- A partnership is a legal form of business with two or more persons agree to carry on a business together.
- This agreement can be written or oral.
- There are two types of partnerships:
- General partnership.
- Limited partnership.
- In the words of Solomon, “Two can accomplish more than twice as much as one. If one fails, the other pulls him up, but if a man falls when he is alone, he’s in trouble. Besides, one standing alone can be attacked and defeated, but two can stand back-to-back and conquer.”
- A partnership business can be a relationship disaster or a positive experience.
- To have a successful partnership, there are a few criteria:
- Have the same vision.
- Divide business roles according to each individuals strengths.
- Avoid the 50-50 split.
- Hold a monthly partner meeting.
- Create a partnership agreement.
- Partnership by estoppel, which means a person may be considered a partner even if not formally included in the partnership.

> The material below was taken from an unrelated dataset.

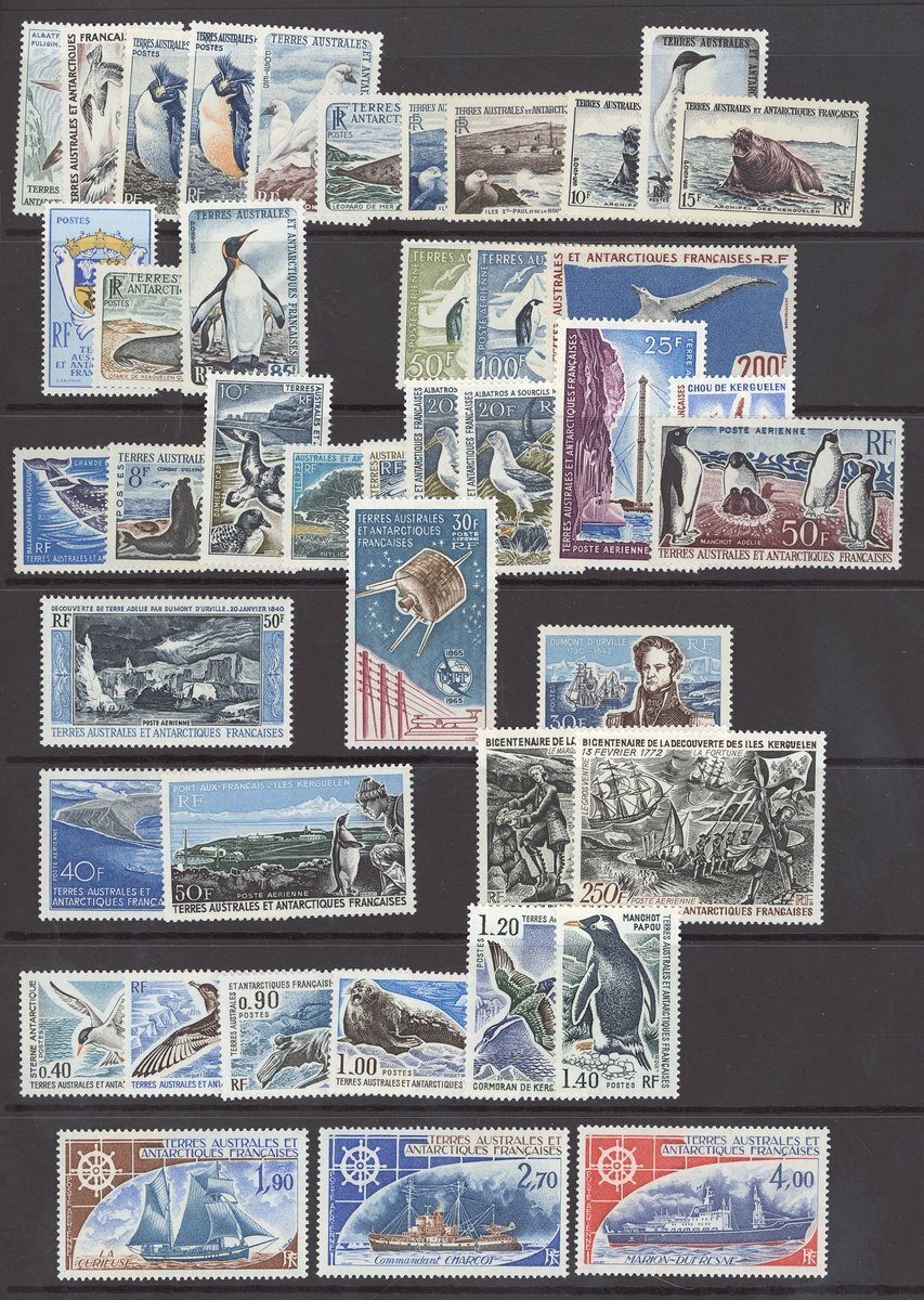 1956-76 mint selection (43), including 1956-60 Postage and Air set, 1962-72 5f. to 50f. (with additional 20f.), 1965 Adele Land 50f.,1965 I.T.U. 30f.,1968 Dumont 30f., 1968-69 Air 40f. and 50f., 1972 Crozet Islands 100f., 250f., 1976 Postage and Air set, mint, mostly unmounted, chiefly fine

- “Estoppel” means that one is not permitted to deny. In the context of partnerships, it means that a person cannot deny being a partner if he permits the partnership use his name. For example: - A situation in which partner A and partner B start a business and offer non-partner C a profit interest in the company if they can use C’s name in the business. If a bank lends money to the partnership and the partnership becomes insolvent, C would be considered a partner and could be held liable.
Advantages of partnership:
- Ease of formation.
- Availability of capital.
- Diversity of skill and expertise.
- Flexibility.
- No special taxes and only single level of taxation.
- Relative freedom from government control.
- Shared burdens.
- Different views. As problems are looked at from different angles, it can arise in more creative ways of meeting difficulties in a business.
- Effective decisions.
Disadvantages of partnership:
- Unlimited liability.
- Potential for conflicts between partners because many disagreement might arise.
- Conflict of opinions.
- Complexity of profit-sharing.
- Difficulty exiting or dissolving.
- All partners are potentially personally liable for all business debts and lawsuits.
- Uneven ambition.
- Reduced autonomy.
General Partnership:
- A partnership in which all owners share in operating the business and in assuming liability for the business’s debts.
- Consists of two or more individuals who jointly own the assets, liabilities, revenues and losses.
- Each partner enjoys the benefits of certain tax allowances and each has legal ownership of the assets of the business.
- Each of the two or more partners will have unlimited liability for the debts of the business.
- The income and expense is reported on a separate return for tax purposes, but each partner then reports his or her pro-rata share of the profit or loss from the business as one line on his personal tax return.
Limited Partnership:
- A partnership with one or more general partners and one or more limited partners.
- Limited partners have no personal liability and stand to lose only the amount which he has contributed and any amounts which he has obligated himself to contribute under the agreement.
- Limited partner’s responsibilities are spelled out in the partnership agreement.
- Limitation can be placed on whether who make decisions, how profits and expenses are allocated, how long the agreement is valid and what happens when the business is sold.